Five Ways to Help Your Customers Go Green

9/14/2012

Grocery stores are unique. Unlike most retail outlets, down every grocery aisle lays the opportunity to put green products in consumers’ hands, from fresh produce to dairy, from dry goods to the butcher, from both personal as well as household care products.

Yet the opportunity is too often untapped. More than half of grocery shoppers in the U.S. are frustrated; they wish they could buy environmentally friendly products, but say they are often not available or not affordable.

Capitalizing on this unmet need, grocers can realize new tactics to build loyalty and sales with their shoppers. Many retailers are leaving green – dollars, that is – in the aisle by failing to leverage their strengths and abilities. The question is, how? What’s a grocer to do?

Here are five to start with:

1. Celebrate the company you keep. When shoppers see eco-friendly brands showcased – even celebrated – in your store, they award you with green creds, seeing you as being more eco-friendly while helping them to be, too. Not surprisingly, shoppers often rate the natural and organic brands as the most eco-friendly. Among the leading brands, Yoplait is rated more eco-friendly than Dannon; Quaker more than Kellogg’s or General Mills; and Simply Orange more than Tropicana or Minute Maid. Know how your shoppers perceive the brands on your shelves. Help them make the eco-friendly brand choice that is right for them and their families.

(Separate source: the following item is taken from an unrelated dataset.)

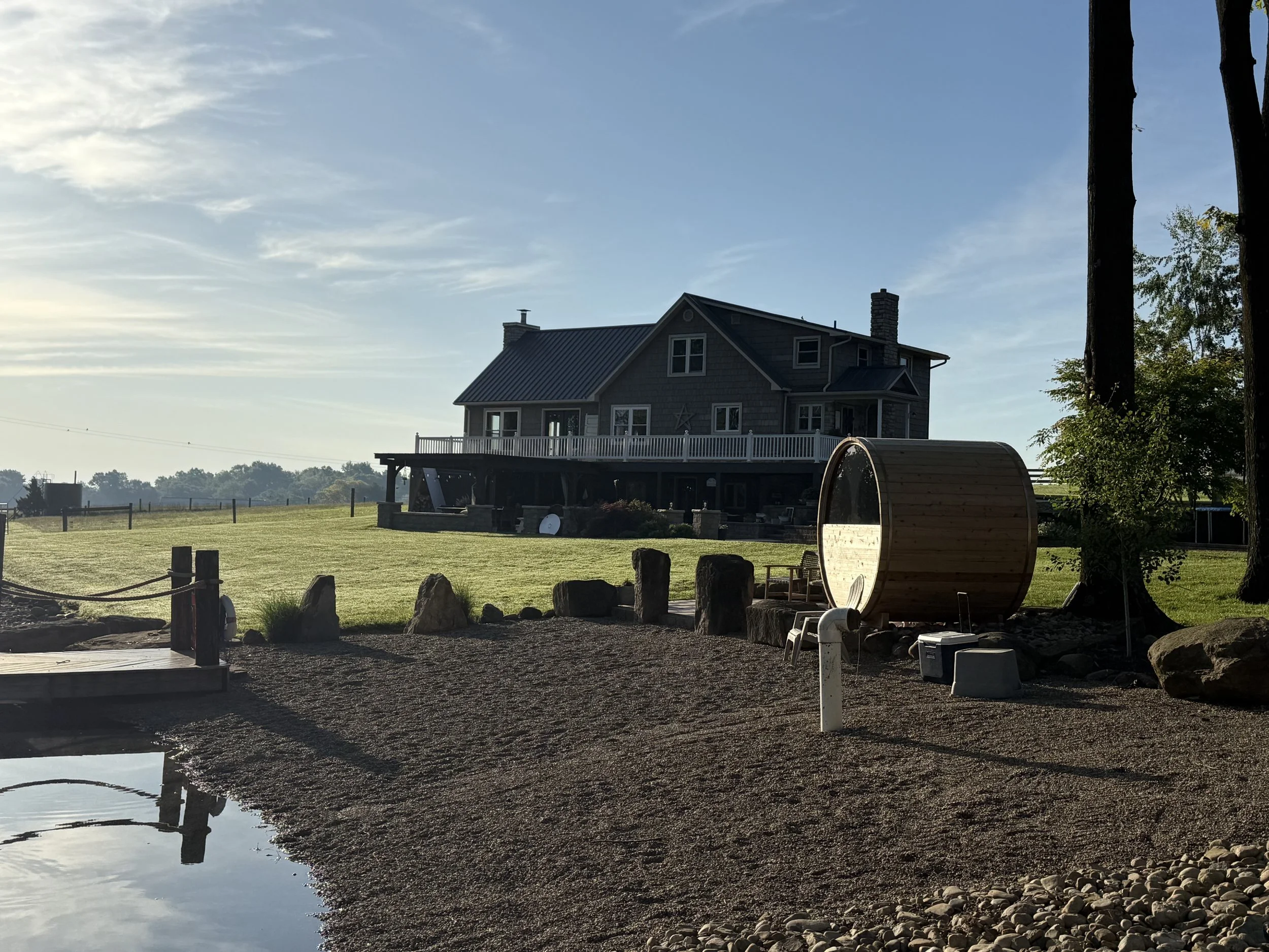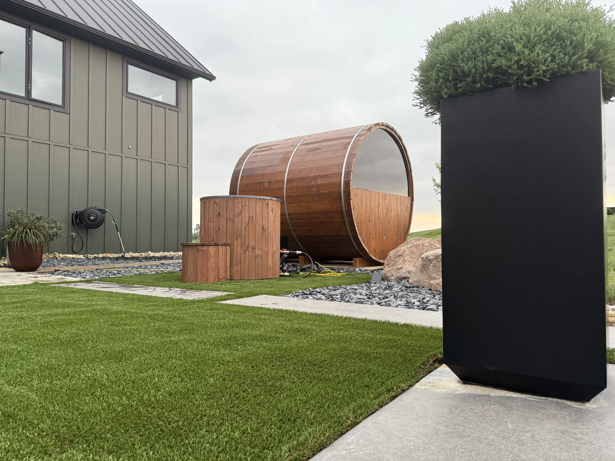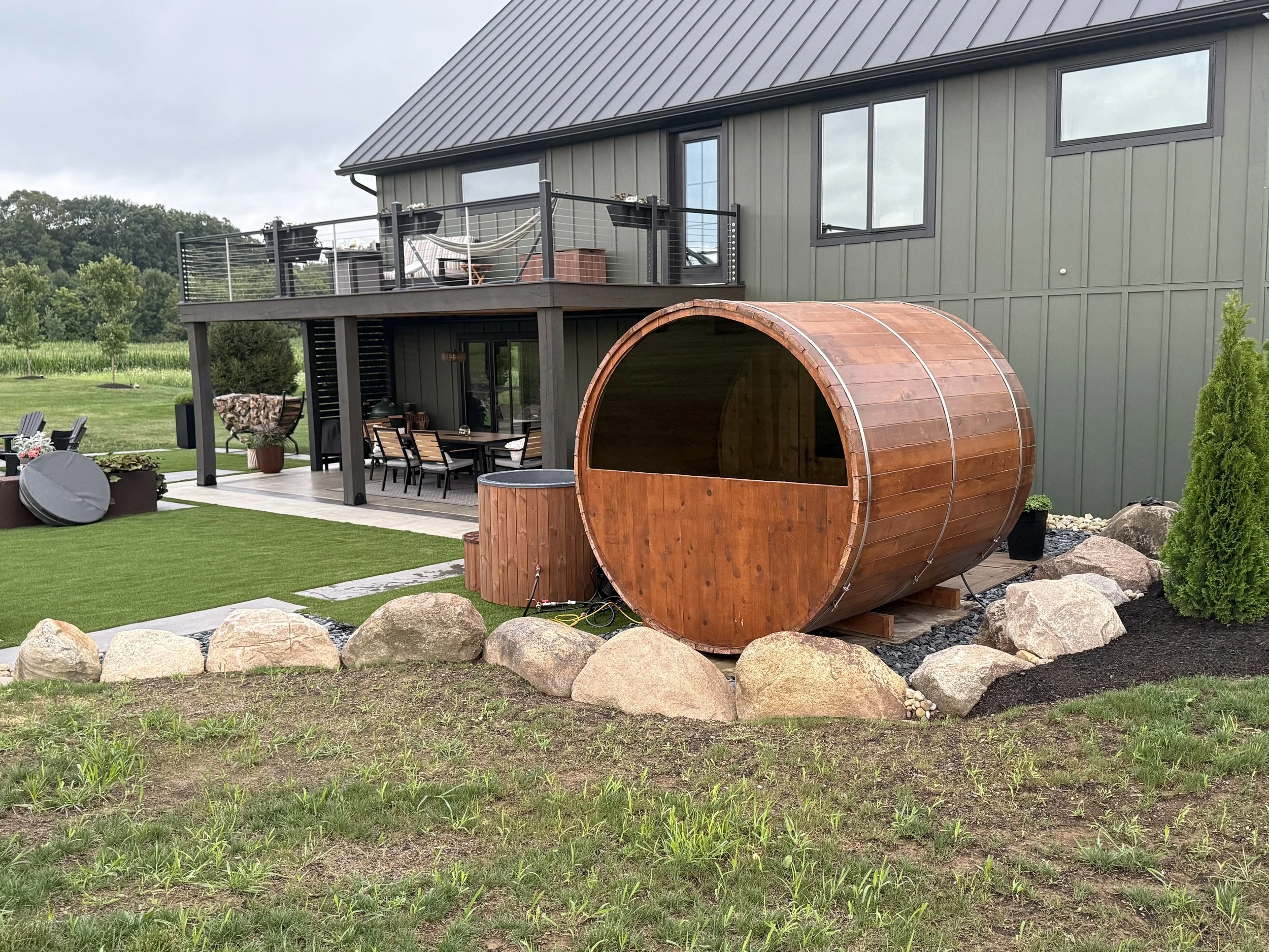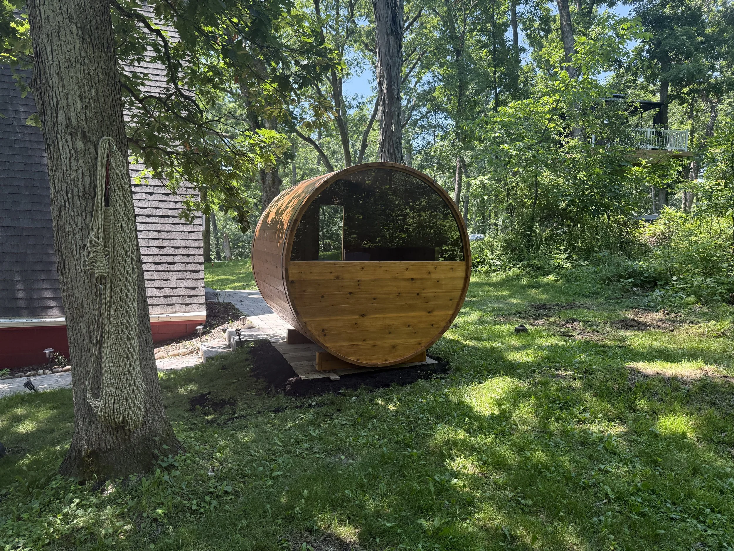 The Weekender Barrel is the most popular sauna we carry. It seats 4-6 persons. It is constructed entirely of Western Red Cedar. 7’ Diameter x 6’ length, this sauna is extra roomy. Optional additions include a 36’’ changing room, a porch, or a shingle, metal, or canvas roof. We have multiple heater options for this model including electric, natural gas, propane, or wood fired. You can also choose between a panoramic window or multi-level seating along the back wall.

2. Be a good neighbor. Two in three grocery shoppers say it is important to shop at a store that is a good neighbor in their community. Are you? From treating employees well, to supporting local farmers and suppliers, to creating teachable moments for parents with their children, to supporting recycling efforts to reduce waste. Find opportunities to engage with your shoppers for a healthier and more sustainable community.

3. Make it easy to be green. Instead, it’s getting harder; shoppers are more likely today than three years ago to say it is hard to figure out what choices to make. Most want to make the right choice, but they don’t want to have to do the homework – not only does it take time, all those labels are confusing, written in mouse print often with unpronounceable ingredients. They want a retailer who can be trusted help make eco-friendly choices easy. At the grocery store, that means a wider selection of healthy, locally produced, natural and organic products. It means packaging that is recyclable, reusable or recycled. It means choices that are affordable, practical, and that perform as well or better than their conventional counterparts. It means shelf placements that aren’t limited to the green grocery ghetto.

4. Keep it personal. For mainstream consumers, sustainability is about me and mine: it’s “My World, My Life” first, and only then the world and the greater good. So, start by speaking to what is most personal to shoppers. Their number one, personal eco priority is to reduce their household waste. Recognize that – help them with this by finding creative ways to reduce their household’s weekly garbage: recyclable containers, including for prepared food; on-site bottle returns that provide points for redemption in your store; neighborhood park cleanup sponsorships; refreshments for school, church and other community educational programs that promote environmentally responsible behaviors. Creativity is key – and, by the way, your employees’ ideas can be your best sources of what to do – ask them!

5. Give yourself credit for what you are already doing right. Don’t leave it on your website or limit sharing it only on your supplier conference calls. Tell your shoppers – show your shoppers – what you’re doing. Most of them are simply unaware and typically rate their grocer as “somewhat” eco-friendly at best, or even “not eco-friendly.” More than one in 10 has no idea where their retailer stands. Almost half (47%) of grocery shoppers want their retailer to offer information on recycling and other eco-friendly practices but aren’t getting it today.

Clearly, there are opportunities for better and more shopper communications. Speak to small steps that lay a foundation for the future, and how your store is helping shoppers take the next step to make their own homes and lifestyles healthier and more eco-friendly.

While more shoppers are rethinking how and where they shop, with the environment increasingly in mind, their understanding of what this means is getting more confused, not less. Retailers who want to put green in consumers’ carts – and the other kind of green in their bottom line – need to know where they are missing, meeting and can better meet the needs of their shoppers.

The founder and former president of HealthFocus International, Linda Gilbert is the founder and CEO for EcoFocus Worldwide, the source of the annual EcoFocus Consumer Survey of 4,200 U.S. consumers, covering 33 grocery retail chains. Amy Hebard is former research director of Earthsense, current director of operations for EcoMatters and a research partner to EcoFocus.